Open output/analysis.json and edit two things:

Required: Edit video_description.response to show what the ideal final description looks like for your use case.

Recommended: Edit each frame_analyses[i].response to show what ideal frame notes look like. This gives the optimizer a signal at both stages of the pipeline and produces better results.

{
  "frame_analyses": [
    {
      "frame": 0,
      "timestamp": 0.0,
      "response": "Your ideal frame note here — what details matter for your use case"
    }
  ],
  "video_description": {
    "response": "Your ideal final description here — the style, length, and focus you want"
  }
}

The more videos you edit and include as training examples, the better the results.

Step 3 — Create training_data.json

{
  "examples": [
    { "output_dir": "output" }
  ]
}

Add one entry per video you edited:

{
  "examples": [
    { "output_dir": "output/video1" },
    { "output_dir": "output/video2" },
    { "output_dir": "output/video3" }
  ]
}

Step 4 — Run the tuner

video-analyzer-tune --training-data training_data.json --output-dir tuned_prompts/

This runs MIPROv2 optimization, which will take some time depending on --num-candidates and --num-trials.

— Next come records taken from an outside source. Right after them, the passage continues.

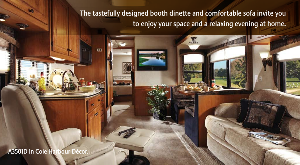
A3501D in Cole Harbour Décor.
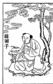
14. Han Xiang Zi
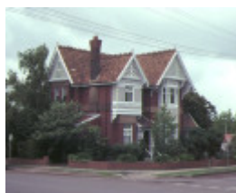
1 napier club thompson street hamilton front view nov1980
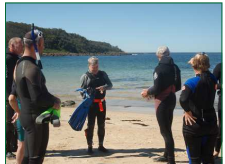
Snorkelers at Broulee (above)
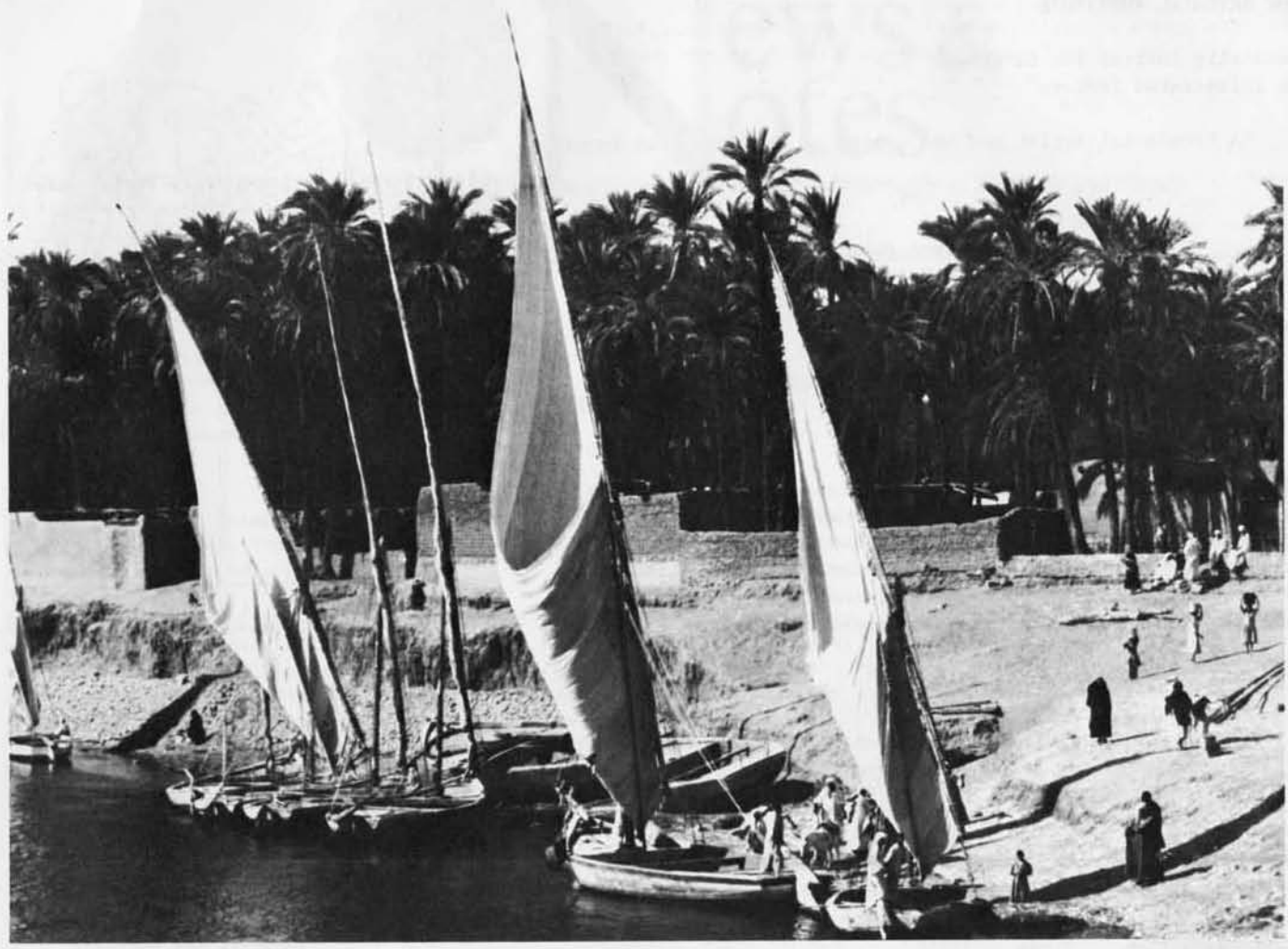
Feluccas on the banks of the Nile-photo taken on last year's tour
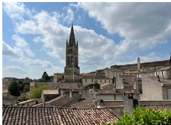
Rooftops and a beautiful spring sky in St-Emilion.

Lespault-Martillac 65% Sauvignon Blanc, 35% Sémillon. Exotic tropical fruit aromatics (Star fruit), Full of spices and honeyed ripe peach. A delicious wine. Will sell when in stock. JM
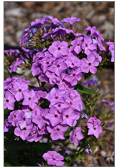
Flame Violet Garden Phlox flowers
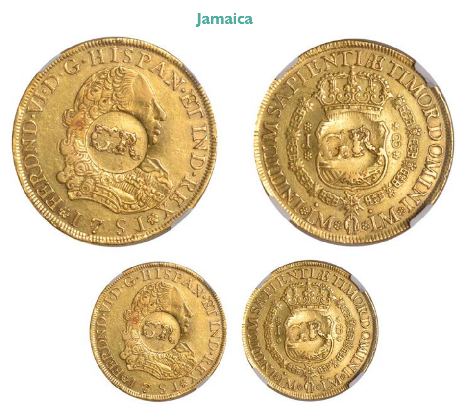
1344 Authority of November 1758, Doubloon (valued at Five Pounds), a Ferdinand VI, 8 Escudos, 1751, Lima, both sides centrally countermarked with floriate GR raised within a circular indent (Prid. 1; Gordon 1; KM 11.3; F 1). Coin good very fine, countermarks very fine, very rare [slabbed NGC XF 45] £20,000-£26,000
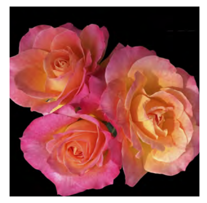
2013 Joyce Abounding
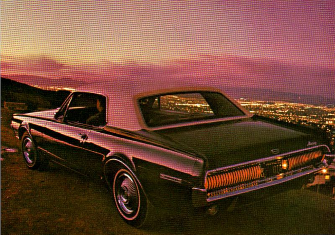
Cougar shown with optional vinyl-covered Oxford Roof.
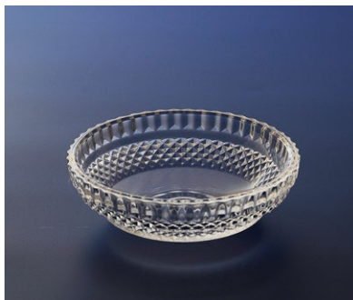
MF 3517 ø 102 x 31 x 4 mm
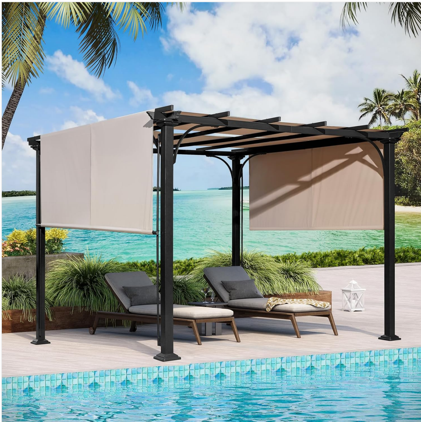
Image: The GAZEBEST Patio Pergola with its retractable canopy extended, situated next to a swimming pool. This image illustrates the product in a typical outdoor leisure setting.
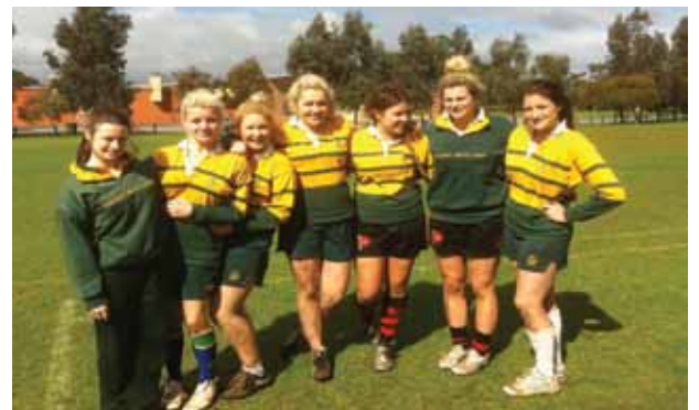
Year 10-12 Girls Rugby League Team
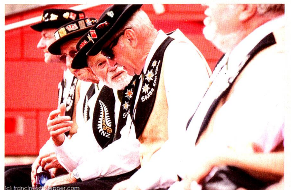
Impressions Swiss Festival 2014, Melbourne
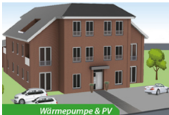
Wärmepumpe & PV
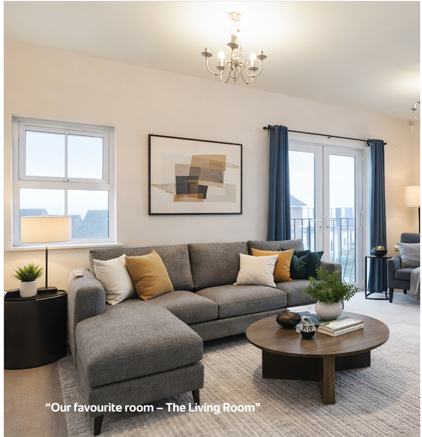
“Our favourite room – The Living Room”

“We love to open the French doors and let the fresh air inside the flat in the summer, it's so nice to have a green space to the front, it gives a very relaxed and calming atmosphere.”
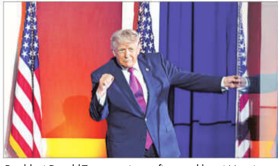
President Donald Trump gestures after speaking at Mount Rushmore National Memorial on Friday evening

He used the milestone of the nation's 250th year to pivot toward a vision of the future, framing this as the beginning of a "golden age of America."
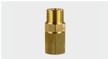
1/2" M : 1/2" F. Brass. Max. 250 bar / 90 °C

Step 5 — Update your config

When tuning completes, the tool prints a config snippet to paste into your config/config.json:

"prompt_dir": "tuned_prompts",
"prompts": [
  {"name": "Frame Analysis", "path": "frame_analysis_tuned.txt"},
  {"name": "Video Reconstruction", "path": "describe_tuned.txt"}
]

Run video-analyzer as normal — it will use your tuned prompts automatically.

Training Data Format

training_data.json

{
  "examples": [
    { "output_dir": "path/to/output" }
  ]
}

Paths can be absolute or relative to the location of training_data.json.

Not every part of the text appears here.